## __A Generative Model Predicting Steady Numerical Simulations via Weakly-supervised Learning__

## Abstract

The machine learning method applied to computational fluid dynamics (CFD) is a thriving approach for solving simulation problems. Traditional CFD seeks various approaches or high-performance computational tools to overcome the difficulty of being extremely time-consuming because the simulation process is mostly iterative and mesh-based. The machine learning method is usually data-driven and expedites the simulation process by building up a meshless, data-driven toolbox. However, the simulation results for labels of the training are not always available and can be as expensive. Weakly-supervised learning, as an alternative, has shown the potential for solving Laplace equations. Here we extend the applications to more complicated computational scenarios and show that weakly-supervised learning can be trained to solve the Navier-stokes equation, and to be applied on irregular domains by extending the dimension of data representation. The results shows high accuracy once a proper initialization is given as input. We expect that a similar model can be generalized to solve or to speed up the fluid-structure interaction problems with minimal information.



# Introduction
Complicated fluid problems are common in many natural processes. A typical fluid problem is governed by a highly nonlinear partial differential equation (PDE) system, Navier Stokes (N-S) equations. Numerical simulations on the fluid dynamics problems primarily rely on solving the PDEs in the discretized form both spatially and temporally in some ways using the finite difference (FD), finite volume (FV), Lattice-Boltzmann, or finite element (FE) methods. However, such simulations are based on the density of meshes thus computationally expensive in both time and memory for complicated fluid-structure interaction problems where complex geometries are applied. Even before the computation, the preprocessing such as the design of meshing is also a huge cumbersome. Although modern commercial software relieves the burden of these preprocessing tasks, background knowledge in numerical simulation and expertise in using such tools are usually necessary for both academic and industrial applications. 

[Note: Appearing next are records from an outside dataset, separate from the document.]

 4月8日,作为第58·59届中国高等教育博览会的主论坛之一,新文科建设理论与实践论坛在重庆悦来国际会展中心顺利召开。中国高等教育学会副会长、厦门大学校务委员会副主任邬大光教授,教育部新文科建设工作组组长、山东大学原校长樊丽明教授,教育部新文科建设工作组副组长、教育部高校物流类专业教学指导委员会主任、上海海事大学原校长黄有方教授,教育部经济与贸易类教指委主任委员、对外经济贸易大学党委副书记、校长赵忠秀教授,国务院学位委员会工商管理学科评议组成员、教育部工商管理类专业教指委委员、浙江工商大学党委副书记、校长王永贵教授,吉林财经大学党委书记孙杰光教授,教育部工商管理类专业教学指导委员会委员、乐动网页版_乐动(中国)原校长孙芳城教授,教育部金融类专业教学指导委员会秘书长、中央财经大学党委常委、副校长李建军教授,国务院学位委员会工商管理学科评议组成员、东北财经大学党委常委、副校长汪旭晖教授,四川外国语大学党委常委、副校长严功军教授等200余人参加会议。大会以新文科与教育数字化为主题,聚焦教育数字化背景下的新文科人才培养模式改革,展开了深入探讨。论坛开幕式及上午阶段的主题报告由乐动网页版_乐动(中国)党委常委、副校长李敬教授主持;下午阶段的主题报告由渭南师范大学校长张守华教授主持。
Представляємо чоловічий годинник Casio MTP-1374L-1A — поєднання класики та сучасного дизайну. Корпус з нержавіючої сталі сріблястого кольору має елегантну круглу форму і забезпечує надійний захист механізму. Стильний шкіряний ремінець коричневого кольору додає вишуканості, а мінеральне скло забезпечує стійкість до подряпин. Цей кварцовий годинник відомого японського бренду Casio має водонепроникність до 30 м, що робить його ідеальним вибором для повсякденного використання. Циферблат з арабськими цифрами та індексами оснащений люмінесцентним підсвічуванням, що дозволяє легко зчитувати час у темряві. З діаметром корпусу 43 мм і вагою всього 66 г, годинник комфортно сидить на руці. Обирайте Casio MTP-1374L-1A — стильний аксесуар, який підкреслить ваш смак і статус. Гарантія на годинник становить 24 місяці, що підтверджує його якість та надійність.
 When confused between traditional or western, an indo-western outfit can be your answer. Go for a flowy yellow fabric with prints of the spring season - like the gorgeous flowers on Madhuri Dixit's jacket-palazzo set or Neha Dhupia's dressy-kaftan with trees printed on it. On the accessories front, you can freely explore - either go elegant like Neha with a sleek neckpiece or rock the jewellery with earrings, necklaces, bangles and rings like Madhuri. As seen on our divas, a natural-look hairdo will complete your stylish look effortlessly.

Machine learning (ML), and especially the deep learning (DL) approaches have been a great success in many areas with the help of large labeled dataset. The supervised tasks of ML assemble labeled data before an architecture fitted to predict the expected results. Recently, DL has shown new promises for numerical simulation due to its capability of handling strong nonlinearity and high dimensionality [*]. However, just like in a typical machine learning task, it is necessary to obtain or create large labeled datasets in order to achieve high performance. The state-of-art architectures of deep learning are dependent on a large amount of training and specially labeled data, but these architectures are hard to be operated when the data becomes sparse and minimal.

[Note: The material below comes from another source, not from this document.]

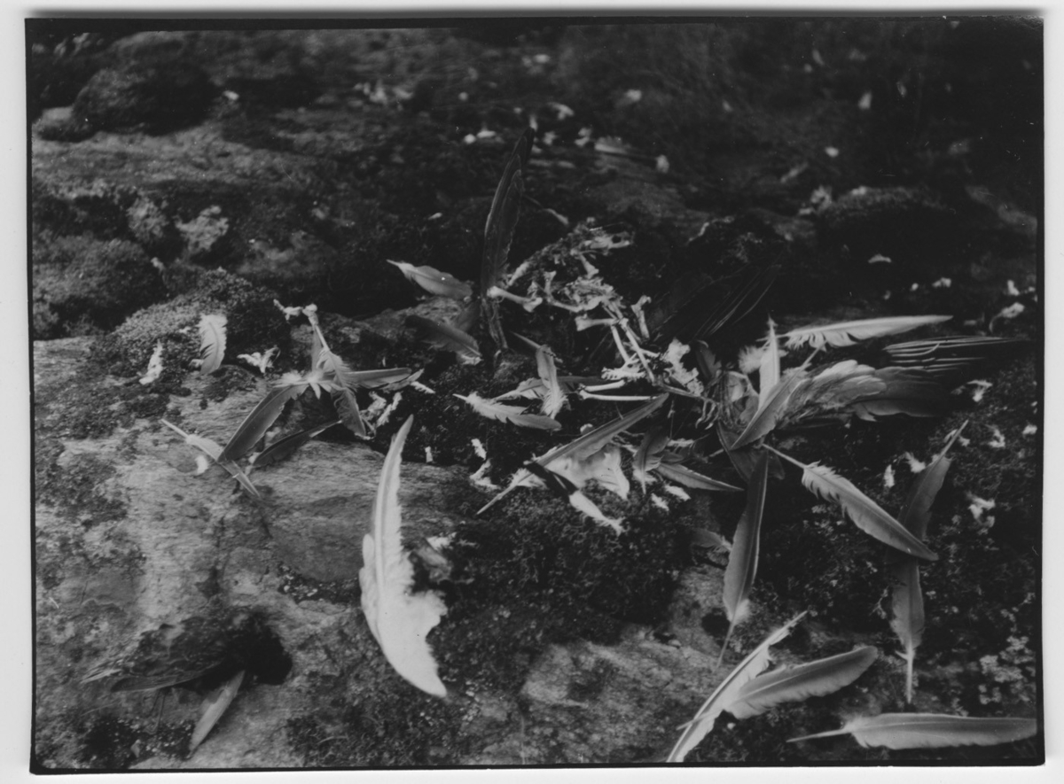 'Pilgrimsfalkens ''Kökkenmödding''.Närbild. Liggande på berghäll. :: :: Ingår i serie med fotonr. 817-841.'

In typical ML problems, though successful for solving different problems, the mechanism behind the system is complicated, high-dimensional, and usually unknown before fitted with the labeled data. On the contrary, in traditional numerical simulation problems, the governing equations are clearly known, but the equations are difficult to be solved correctly and efficiently. The known governing equations can be utilized to constrain the learning to compensate for the insufficiency of the data. Recently, several groups have established such connections between the governing equations [RASSIs] and the simulation results via the physics-informed loss functions, building up physics-informed neural network (PINN) [PINN]. The loss functions are established according to the residues of each PDE equation that constrain the computational domain that is defined by nodal points. However, in their works, the expectation from the network is to build up a data-driven solver -- to solve general PDEs not by a traditional CFD process, but by a deep and dense artificial neural network (ANN) instead. When multiple parameters in the same form of PDEs are in need to be solved, such trained networks can predict solutions in which parameters within a certain range are applied, but the networks should be re-trained when other geometries, other boundary conditions or initial conditions are applied, which deviates from the motivation of saving computational power.

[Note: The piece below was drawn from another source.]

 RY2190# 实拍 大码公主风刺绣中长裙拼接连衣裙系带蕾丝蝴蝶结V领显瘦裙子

Recently, a weakly-supervised learning paradigm for solving heat equations has shown the potential power of using a similar idea of building loss function to generate the solutions [Sharma]. Instead of the traditional ANN, a fully convolutional encoder-decoder network adapted from the U-Net architecture [Unet] has been implemented to generate the solved domain. This work has combined the idea of physics informed loss that learn physics with a generative model as in [amir] that keep the intrinsic relations between neighboring nodal points. Without allowing the model to get access to any solved simulation data, the trained model can predict the solution with different boundary conditions instantly. Unfortunately, the work brings the idea and only uses the heat equation with Dirichlet boundary conditions as the single example problem. The presented work is an extension along with this idea. Here we try using the idea and extending the complication and dimension of data representation to solve problems with other types of boundary conditions, irregular geometric domain, and a cavity flow problem solved by N-S equations.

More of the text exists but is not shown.